The lines from the one with "В Чернігові на" through the last line of the material below, copied exactly and free of pictures, make up the whole answer.

> _Data provided_:
=== Section Start ===

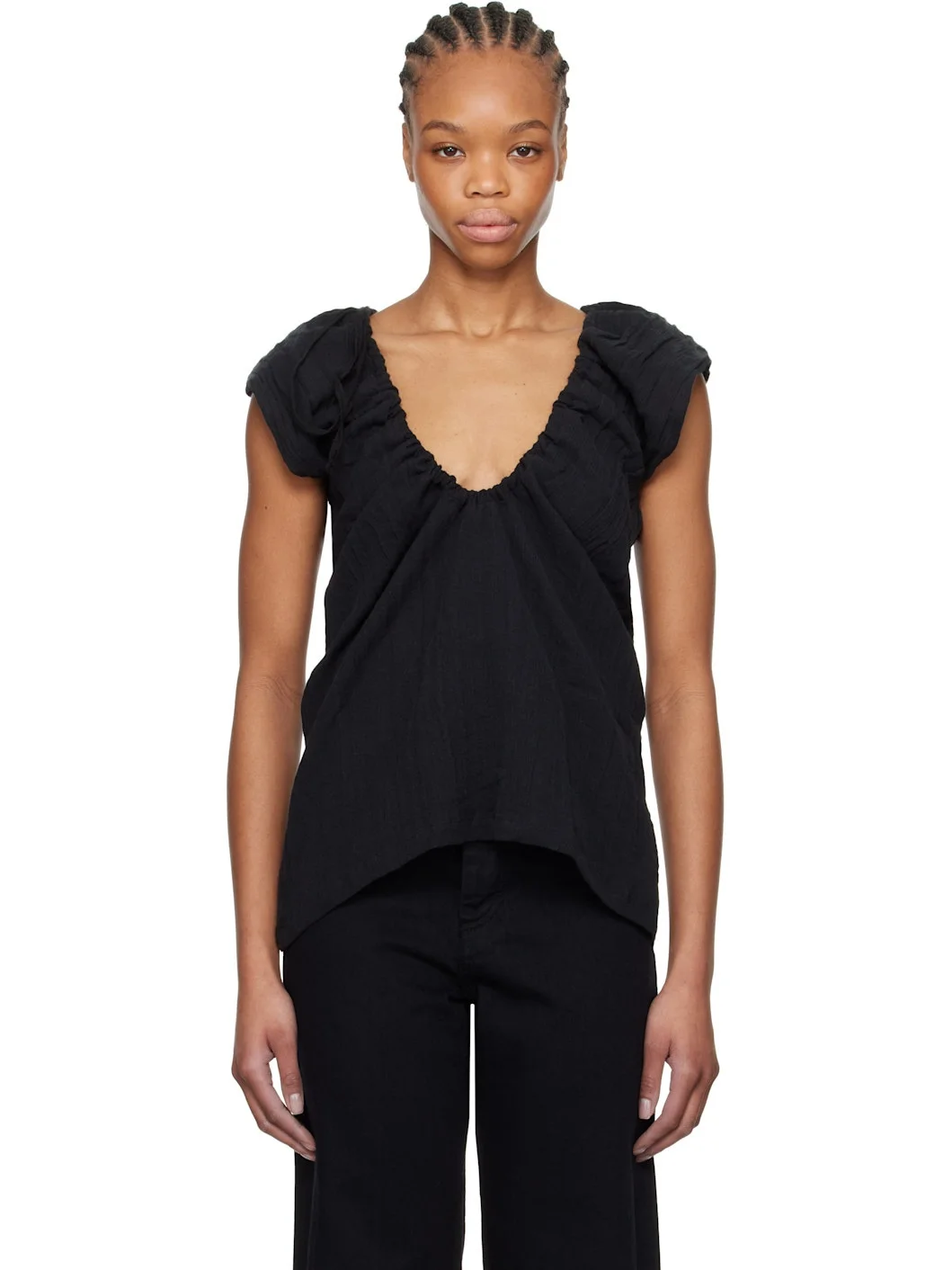 Crinkled linen- and cotton-blend gauze blouse. OEKO-TEX®-certified. · Can be worn front to back · Ruching at scoop neck · Self-tie drawstring at shoulder · Cap sleeves Supplier color: Black 74% linen, 26% cotton. Made in Turkey 251922F111006
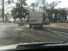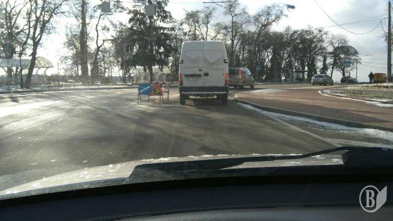 В Чернігові на перехресті вулиці Єлецька з просп. Миру чи то дорожники, чи комунальники виставили дорожні знаки так, що вони направляють транспорт в об’їзд на зустрічну смугу.
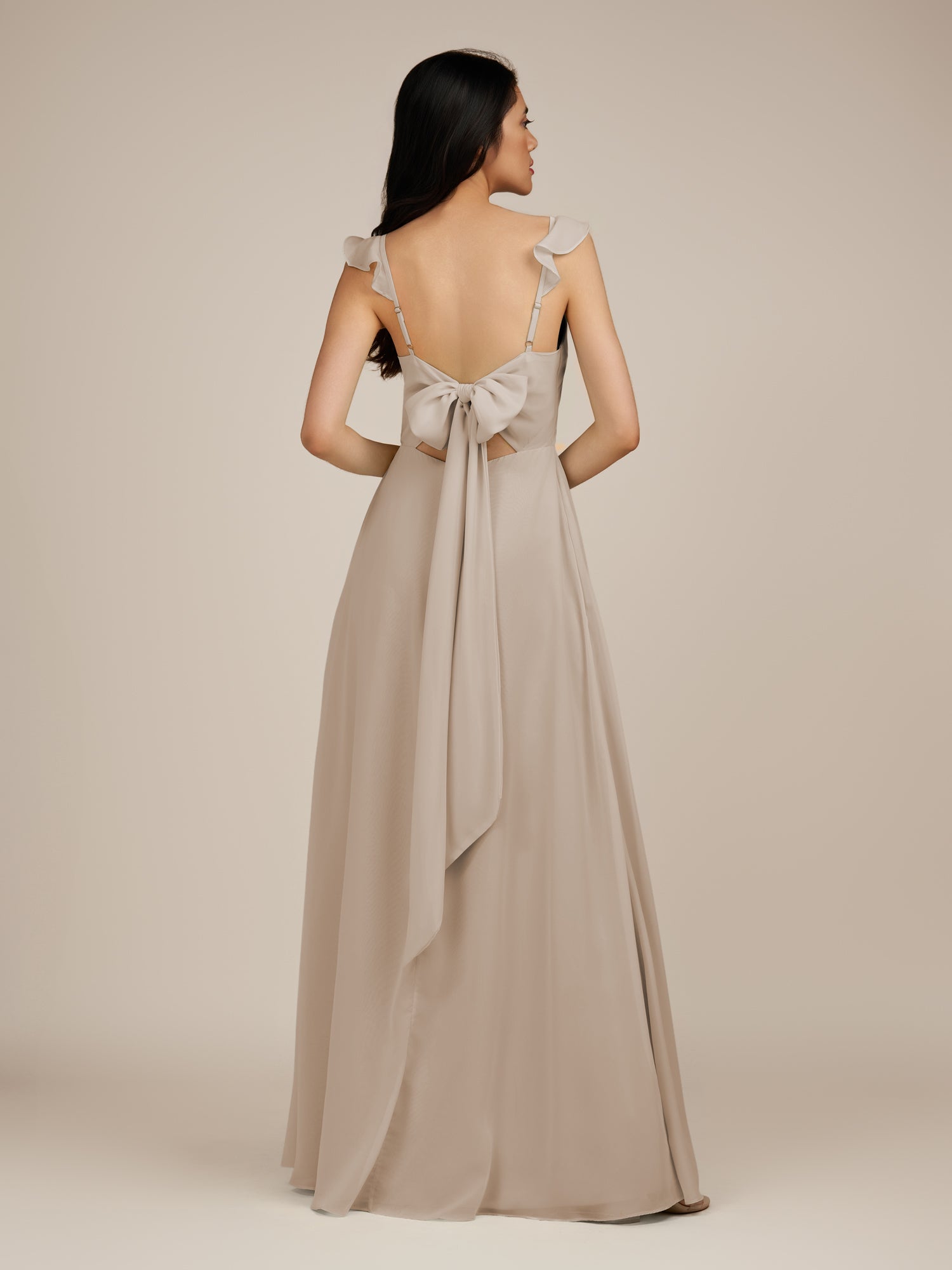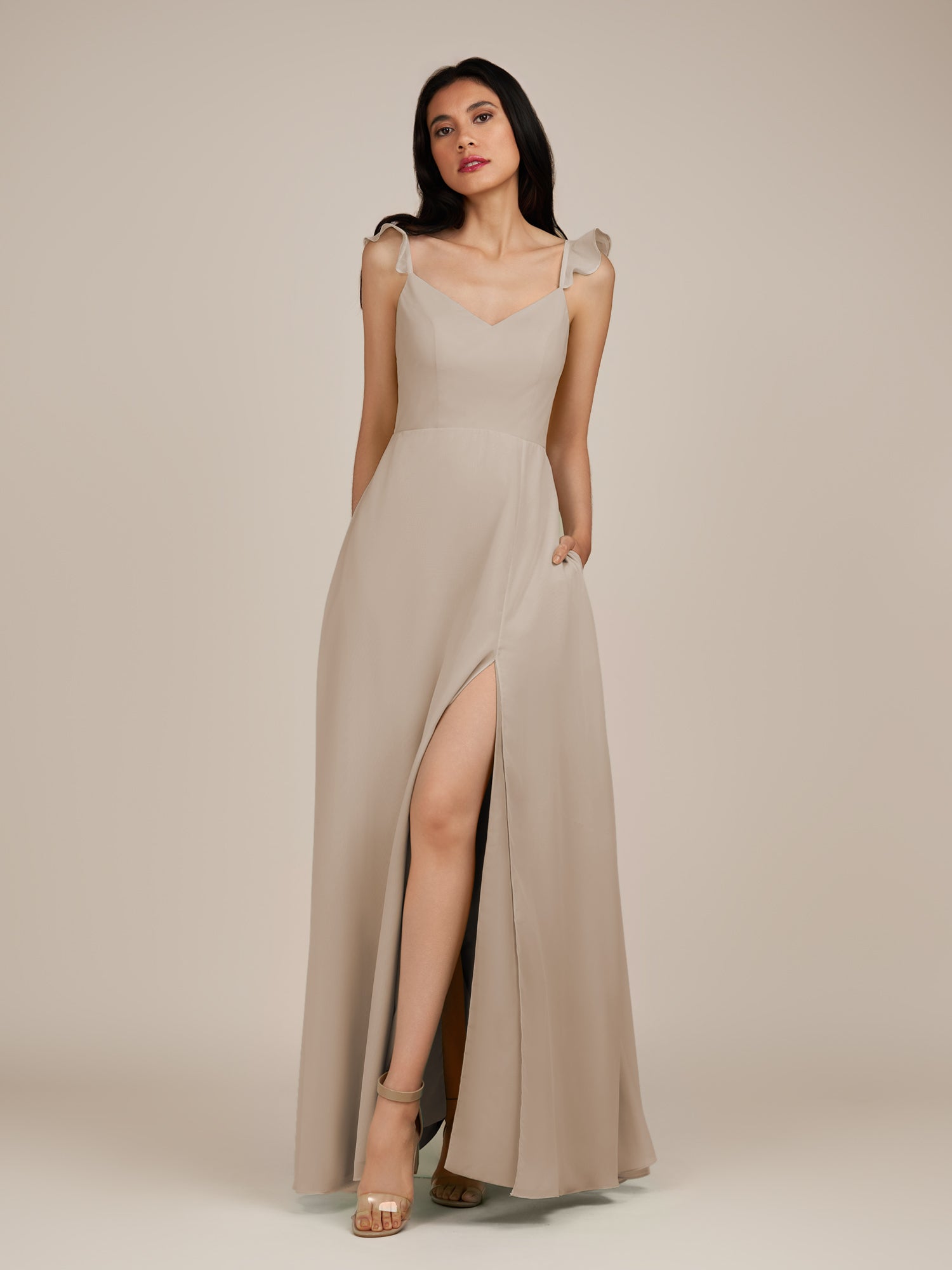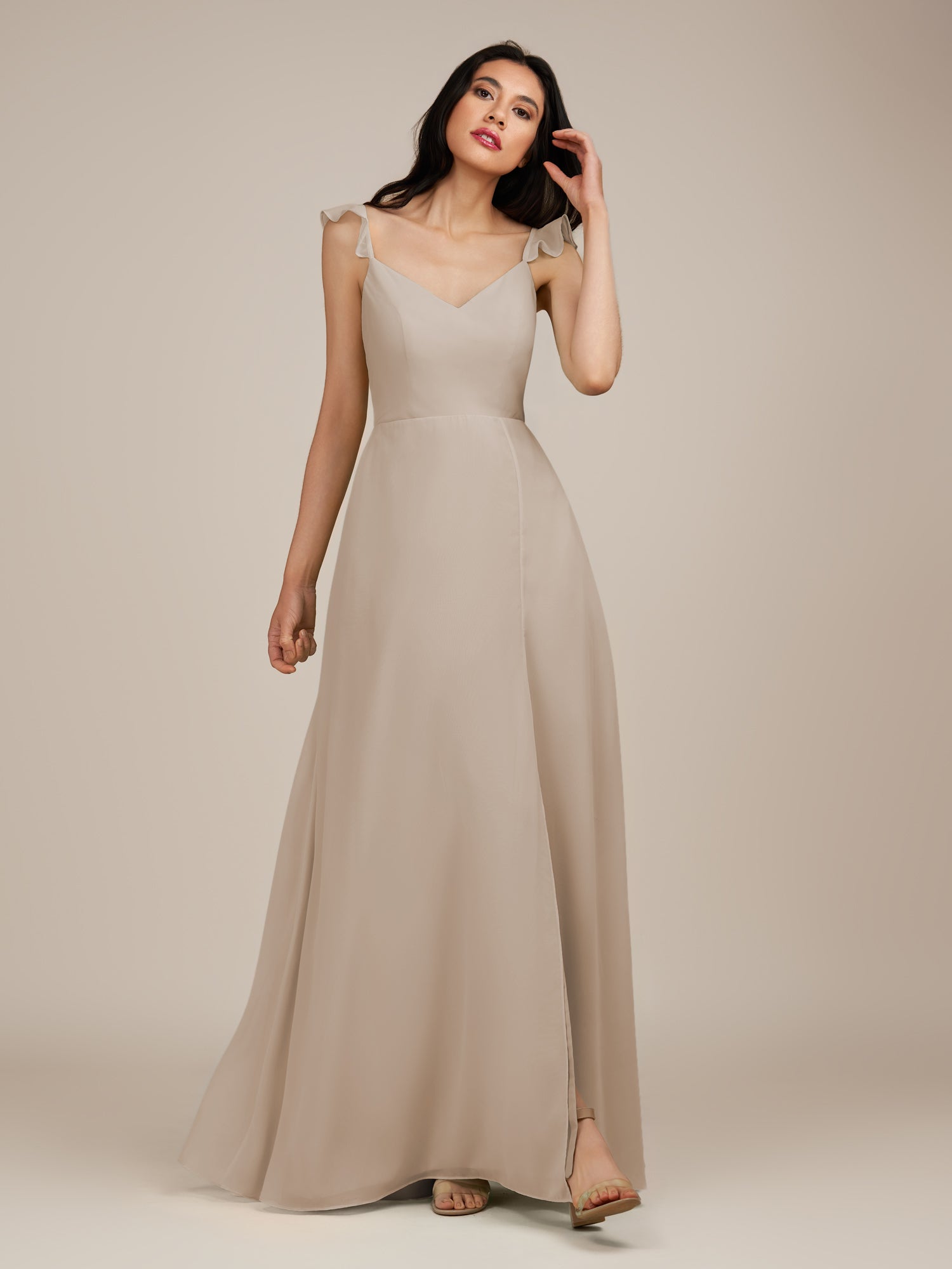 Citrine is a graceful and stylish choice for your bridal party. Crafted from soft chiffon, she features a flattering V-neckline and a sleeveless bodice for a modern, elegant look. Her floor-length A-line skirt flows beautifully with every step, accented by delicate ruffles and a subtle side slit for added movement and charm. Finished with a smooth zipper back, Citrine blends timeless sophistication with contemporary style, perfect for weddings and special occasions.

=== Section End ===

> _Expected answer_:
 В Чернігові на перехресті вулиці Єлецька з просп. Миру чи то дорожники, чи комунальники виставили дорожні знаки так, що вони направляють транспорт в об’їзд на зустрічну смугу.
 Citrine is a graceful and stylish choice for your bridal party. Crafted from soft chiffon, she features a flattering V-neckline and a sleeveless bodice for a modern, elegant look. Her floor-length A-line skirt flows beautifully with every step, accented by delicate ruffles and a subtle side slit for added movement and charm. Finished with a smooth zipper back, Citrine blends timeless sophistication with contemporary style, perfect for weddings and special occasions.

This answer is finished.